Problem is I want to use regex for my patterns(keywords) and want to find all the keywords present in the text.
Example: I write [a-z0-9\.]{6, 30}\@[a-z0-9\.]{2,12}\.[a-z0-9]{2,6} to find email id and it will fetch me the right thing but it will not find the sub-strings lying under first or second block.
For example i have the text as.
examplegmail@gmail.com
and keywords are : ample mail
In this example this regex will tell me the email id's ending position but it will not tell anything about ample
or mail
keyword.
EDIT: suppose I have regex as a*(b|cd?)+ and the DFA would look like::
and now I have data like dfdfdacbcbbcb in this data it'll tell me the patterns after reaching at ac and so on at every character but how shall I get to know the length of ending patterns????
Your "trie" contains operations: "test for char" "branch to nth subtree".

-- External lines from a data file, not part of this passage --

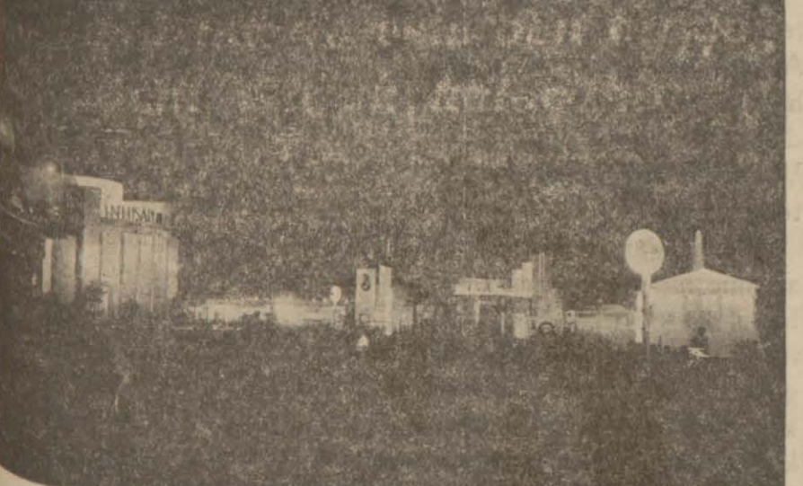
Fuarın gece görünüşü Yedinci Enternasyonal İzmir fuarı, bugün gece yarısından sonra saat 2 de kapanacaktır. — Devamı 4 ncü sahifede —

Belediye reisi, ekspozanlara verilecek ziyafette kapanış nutkunu iradedecek.
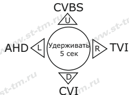
Рис.3 Схема переключения стандартов видеосигнала

ВНИМАНИЕ! При подключении питающего напряжения 12 Вольт к видеокамере соблюдайте полярность.
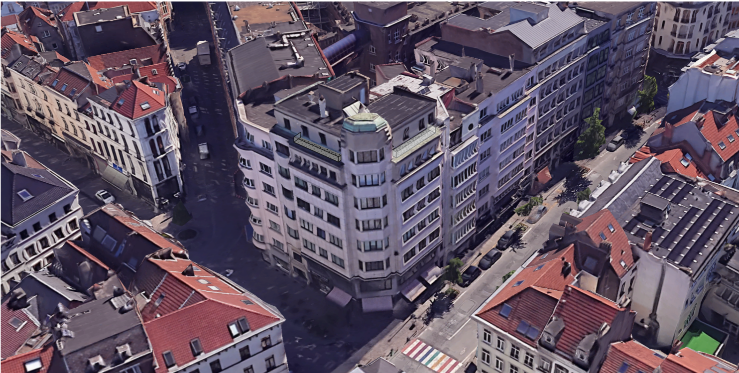
Vue aérienne - simulation situation projetée
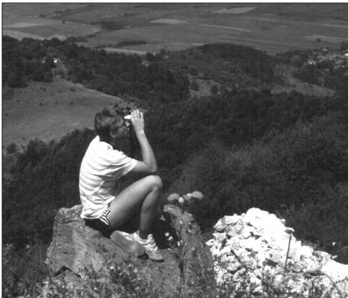
Az ég titkait fürkészve

Jó lenne kíméletlen becsületességgel megvizsgálni és nem mindjárt azt mondani: persze, konfirmáción is volt erről szó. Sokszor van erről szó, de be van-e írva a szívünk hűstáblájára – ahogy olvastuk most a Bibliában. Mert ha ez be van írva, akkor lesz az életünk olyan hitelesítő levél, amelyik szavak nélkül is beszél másoknak Jézusról, és akkor lesz erőnk az élet kényes helyzeteiben is megmaradni Jézus tanítványának, és olyan módon cselekedni, ahogy azt ő mondja.
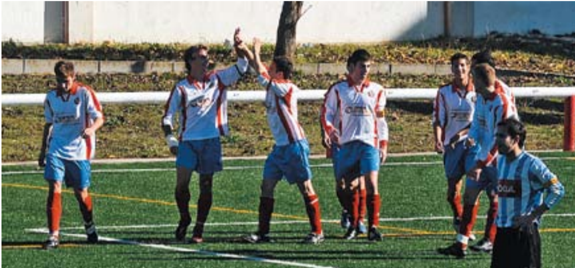
© Els jugadors castellarencs celebrant un dels gols que han marcat al Pepín Valls. || JOSEP GRAELLS
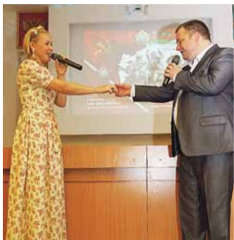
Вокалисты КЦ «Сибирь» с песней про дружбу сорвали бурю оваций
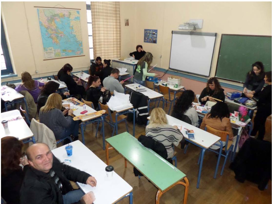
Εικ.5 : Εργαστήρι Λαμπάδας για το Πάσχα
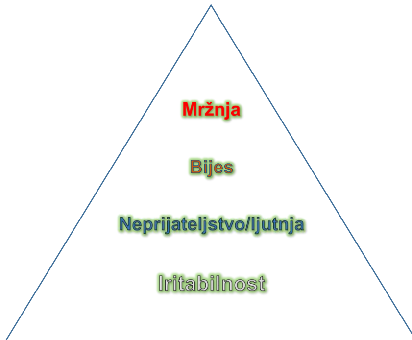
Shema 3. Gradacijski prikaz agresivnog afekta, prilagođeno prema Kernbergu.

Prema Akhtaru bijes je reakcija na frustraciju, akutan je, pokušava odvojiti ego od objekta. Mržnja je kao što je Rosa spomenuo defenzivni mehanizam, kronična je, veže subjekt uz prijeteći idealizirani objekt, fokusirana je na prošlost i budućnost, i kao takva postaje patološka. Lazar želi objasniti kako je mržnja borba protiv samopasivnosti, pojednostavljenje i odvajanje od života kao jedine opcije. (8) Bollas smatra da mržnja ne mora uvijek biti u borbi s ljubavlju, ona može biti jedini način na koji subjekt može imati intenzivno afektivan odnos s objektom. (8) Visoka razina mržnje javlja se i u niz kliničkih sindroma. Primjerice u narcističkom poremećaju ličnosti s osnovom u patološkoj zavisti

Add another operator to save positions: "remember Nth character index" which writes the current character position the trie is inspecting into the nth slot of an array of pointers into the string.
Insert these operators in your (abstract) trie specification, compile to the real trie and then run it. As the trie matcher "crosses" various critical points in your match, it can record those points in the string buffer. At a final match, you have an array of pointers (as many as you like) to the subparts of your match.
For your example:
[a-z0-9\.]{6, 30}\@[a-z0-9\.]{2,12}\.[a-z0-9]{2,6}
imagine I want to pick the text to the left and right of the the @.

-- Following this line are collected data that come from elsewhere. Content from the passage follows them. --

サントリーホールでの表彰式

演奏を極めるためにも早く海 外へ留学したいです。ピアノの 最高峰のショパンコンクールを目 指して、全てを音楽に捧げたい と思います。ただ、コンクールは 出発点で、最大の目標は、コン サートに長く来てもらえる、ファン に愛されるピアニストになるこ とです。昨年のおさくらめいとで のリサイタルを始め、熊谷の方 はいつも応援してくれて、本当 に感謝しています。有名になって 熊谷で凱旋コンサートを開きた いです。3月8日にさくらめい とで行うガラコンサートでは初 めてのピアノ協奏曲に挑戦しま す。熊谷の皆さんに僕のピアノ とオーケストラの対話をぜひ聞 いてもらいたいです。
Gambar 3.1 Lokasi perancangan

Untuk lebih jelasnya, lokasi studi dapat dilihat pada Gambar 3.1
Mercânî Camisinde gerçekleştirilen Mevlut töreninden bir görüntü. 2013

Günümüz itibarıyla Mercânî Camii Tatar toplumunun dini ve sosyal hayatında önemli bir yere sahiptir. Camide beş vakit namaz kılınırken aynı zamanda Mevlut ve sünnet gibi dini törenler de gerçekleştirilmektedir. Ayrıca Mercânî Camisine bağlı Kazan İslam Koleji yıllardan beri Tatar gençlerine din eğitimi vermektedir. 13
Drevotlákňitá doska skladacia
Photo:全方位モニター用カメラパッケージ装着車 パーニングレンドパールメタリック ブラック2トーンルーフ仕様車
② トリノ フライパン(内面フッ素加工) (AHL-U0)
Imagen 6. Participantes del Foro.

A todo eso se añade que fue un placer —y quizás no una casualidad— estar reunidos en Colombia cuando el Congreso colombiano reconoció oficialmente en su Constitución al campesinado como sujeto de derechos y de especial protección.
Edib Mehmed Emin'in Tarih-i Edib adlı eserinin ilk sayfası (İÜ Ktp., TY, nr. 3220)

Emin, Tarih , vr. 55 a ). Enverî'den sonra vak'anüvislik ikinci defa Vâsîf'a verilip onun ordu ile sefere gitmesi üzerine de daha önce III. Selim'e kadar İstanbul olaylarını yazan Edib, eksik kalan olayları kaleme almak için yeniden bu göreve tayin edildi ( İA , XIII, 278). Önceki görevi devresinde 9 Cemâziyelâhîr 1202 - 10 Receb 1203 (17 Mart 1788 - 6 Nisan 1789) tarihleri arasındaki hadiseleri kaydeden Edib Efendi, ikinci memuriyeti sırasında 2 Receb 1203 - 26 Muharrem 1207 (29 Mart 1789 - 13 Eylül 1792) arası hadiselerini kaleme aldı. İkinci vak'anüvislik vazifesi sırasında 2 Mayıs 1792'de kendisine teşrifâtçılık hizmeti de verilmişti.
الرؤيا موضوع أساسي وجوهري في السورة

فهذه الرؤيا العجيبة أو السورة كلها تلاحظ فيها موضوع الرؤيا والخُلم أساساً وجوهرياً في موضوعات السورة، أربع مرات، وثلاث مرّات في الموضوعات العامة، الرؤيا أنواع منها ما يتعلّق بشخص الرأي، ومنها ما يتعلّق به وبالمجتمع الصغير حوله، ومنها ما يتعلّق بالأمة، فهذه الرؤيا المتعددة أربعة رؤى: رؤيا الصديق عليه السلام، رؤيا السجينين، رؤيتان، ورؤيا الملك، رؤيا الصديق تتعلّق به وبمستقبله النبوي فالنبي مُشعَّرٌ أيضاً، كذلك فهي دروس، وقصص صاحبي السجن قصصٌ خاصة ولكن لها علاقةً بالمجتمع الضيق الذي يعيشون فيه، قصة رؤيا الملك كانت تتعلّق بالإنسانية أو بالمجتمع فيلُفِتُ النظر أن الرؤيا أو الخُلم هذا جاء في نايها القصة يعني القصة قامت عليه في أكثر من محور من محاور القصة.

I add position saving operators, which I have arbitrarily denoted as "#n":
#1[a-z0-9\.]{6, 30}#2\@[a-z0-9\.]{2,12}\.[a-z0-9]{2,6}#3
This will (rather trivially) capture the starting position, the position of the "@" sign, and (rather trivially) the end position, as positions 1, 2 and 3. Of course, you can more more in the middle, as you see fit.
[Many regex systems implicitly do this where they encounter grouping operators (...), number the groupings from left to right. That can always be enough, because you can always wrap an interesting sub-regex in such a grouping operator. I like the explicit indication scheme; it is clear to the reader, and the pattern matcher, where it must insert these position-capture operations. We have implemented regex matchers using exactly the #n notation above.].
If you are looking for a wide variety of keywords and related text, your trie likely has a lot of choice operators in it. You can add these position capture operators in appropriate places in each choice branch to pick out information relevant to the keyword. You may need to add another operator, "recognized keyword k", to help the code that interprets the pattern matcher result understand which special keywords got found, and therefore how to interpret the position indexes.